Hi,
I've an application where I need to do 4 convolutions at the same time, but they are correlated: I've two inputs (I1,I2) and two sets of coefficients (H1,H2). I also have two outputs (O1=I1*H1+I2*H1,O2=I1*H2+I2*H2).
I've an C6748LCDK to get started with this application. Although it supports floating point I think integer math would be a better option as I've 16 bit inputs and 16 bit outputs.
The DSPLIB for the C6748 only includes floating point functions and the DSPLIB with integer functions seems to be not optimized for this processor. So it seems I've to write my own convolution function. I want to use a delay line and calculate an output sample for each input sample.
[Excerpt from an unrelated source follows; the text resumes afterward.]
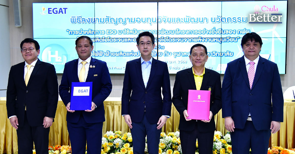 กฟผ.เอ็มโอยู ศูนย์วิชาการจุฬาฯมอบทุนวิจัยพัฒนาการผลิตไฮโดรเจน นำหลัก ESG มาใช้ต่อยอดสู่การใช้ประโยชน์จริงในการขับเคลื่อนพลังงานสะอาดและการพัฒนาที่ยั่งยืนของประเทศ

Given that the number of coefficients can be more than 40,000, it needs to be quite optimized.
I've been studying some documentation and I've some questions:
The floating point functions in DSPLIB seem to try to do 4 multiplies each cycle, but the core can only do 2. Why is the loop then unrolled for 4 multiplies?
The documentation mentions that normally the core can do 4 16bit multiplies each cycle (2 units x2 16bit multiplies) but it seems that the DDOTP4 instruction matches perfectly with the task at hand, if I order my data correctly. That would allow me to do 8 multiply/add instructions each cycle. Am I correct?
Is it possible to write such functions in C or would I need assembly code to get it really optimized? Would it be possible to replace all FP data types in the DSPLIB SP function with shorts? Using the existing optimizations there?
Thanks in advance.
Kind regards,
Remco Poelstra